Figure 8 Weekly CMV VL kinetics in the prophylaxis trial. CMV VL kinetics from time of randomization (week 0). (A and B) VL data are shown for patients who had not reached an endpoint of CMV disease or death by that week. GCV indicates patients in the ganciclovir treatment group (shown in red). Placebo indicates patients in the placebo treatment group (shown in blue). Error bars indicate 95% CI. The dashed horizontal line represents the limit of detection (LOD) of the CMV VL assay. (C) VL kinetics summary calculations were performed with the data shown in A and B. Box-and-whisker plots show the middle 50% of VL kinetics in gray boxes with a horizontal black line at the median. Whiskers indicate 1.5 times the IQR of the VL kinetics. P values were calculated from 2-tailed t tests comparing the means of the viral kinetics in ganciclovir (GCV) versus placebo groups.

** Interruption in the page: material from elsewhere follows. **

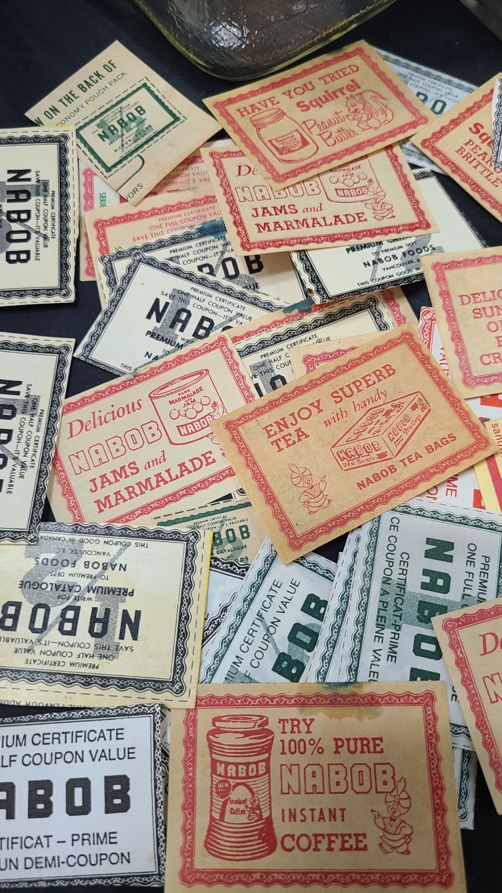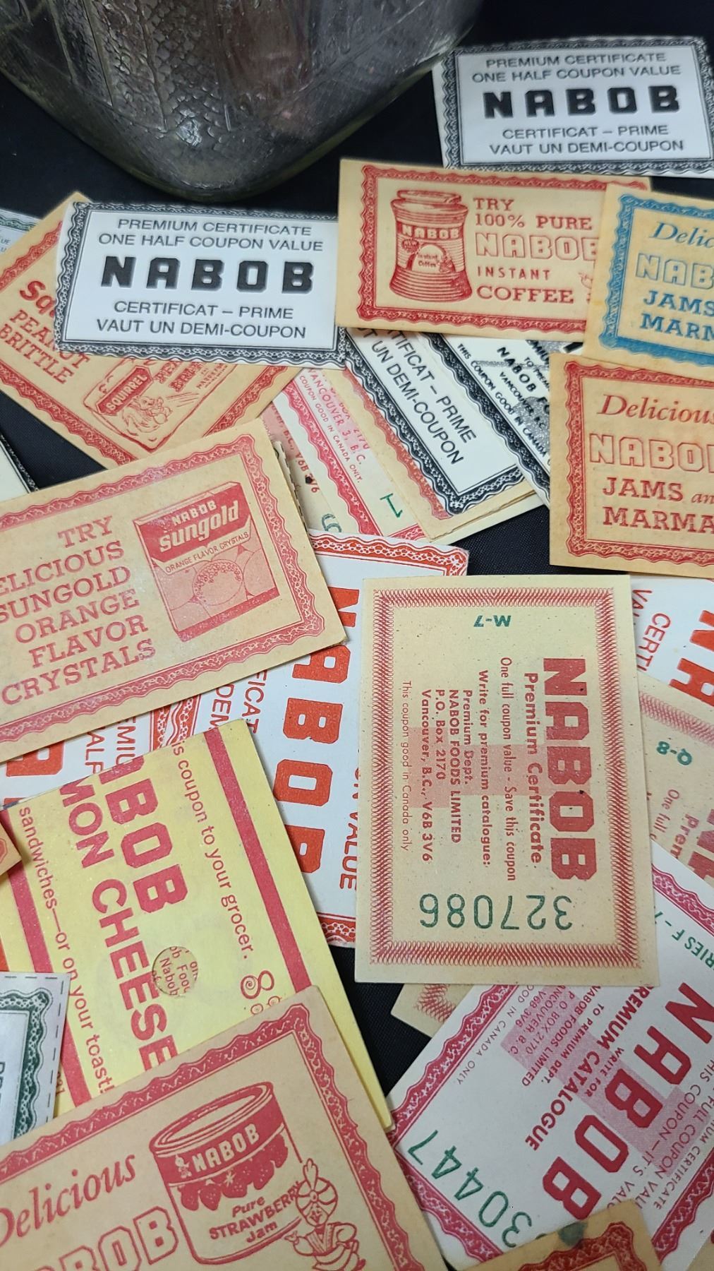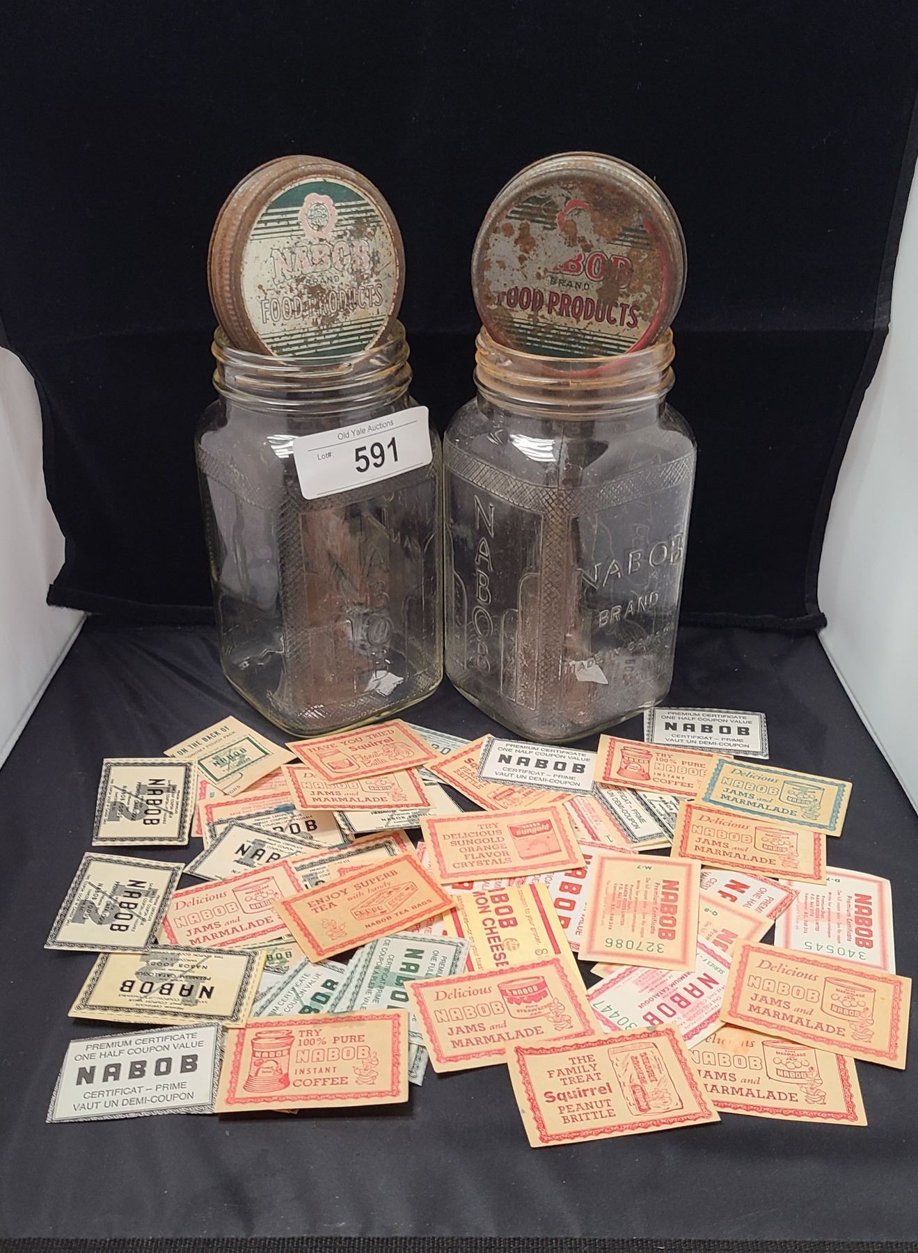 TWO VINTAGE NABOB COFFEE JARS W/COLLECTION NABOB COUPONS

Because no CMV disease events occurred in the treatment group during the first 14 weeks of the study, we were unable to perform the analyses at this time point. Thus, CMV disease by week 24 served as our primary clinical outcome. Prentice criterion 2 was met for all VL kinetics by week 24 (Supplemental Table 5). Only the percentage of positive VLs (shedding rate) met Prentice criterion 3, demonstrating a significant association between VL after adjustment for treatment group (Figure 9A). However, the remaining VL kinetics, mean, peak, and maximum change, nearly fulfilled this criterion with OR 2.4, 95% CI (1.0–6.7), P = 0.07 for mean; OR 1.7, 95% CI (1.0–3.2), P = 0.06 for peak; and OR 1.7, 95% CI (1.0–3.2), P = 0.06 for maximum change in VL. Also, CMV VL kinetics captured a large percentage of ganciclovir’s effect by week 24 — mean captured 86.3%, peak 82.7%, maximum change 94.5%, and shedding rate 93.8% (Figure 9B). Super Learner models built using baseline characteristics of aGVHD, donor CMV serostatus, and baseline VL plus all VL kinetics as in the main analysis were able to predict CMV disease by week 24 with cv-AUCs greater than 75% (Figure 9, C and D). The results of this validation procedure support not only the robustness of our findings that VL kinetics can serve as surrogate endpoints for clinical outcomes under different treatment settings, but also the applicability to the modern antiviral prophylaxis setting.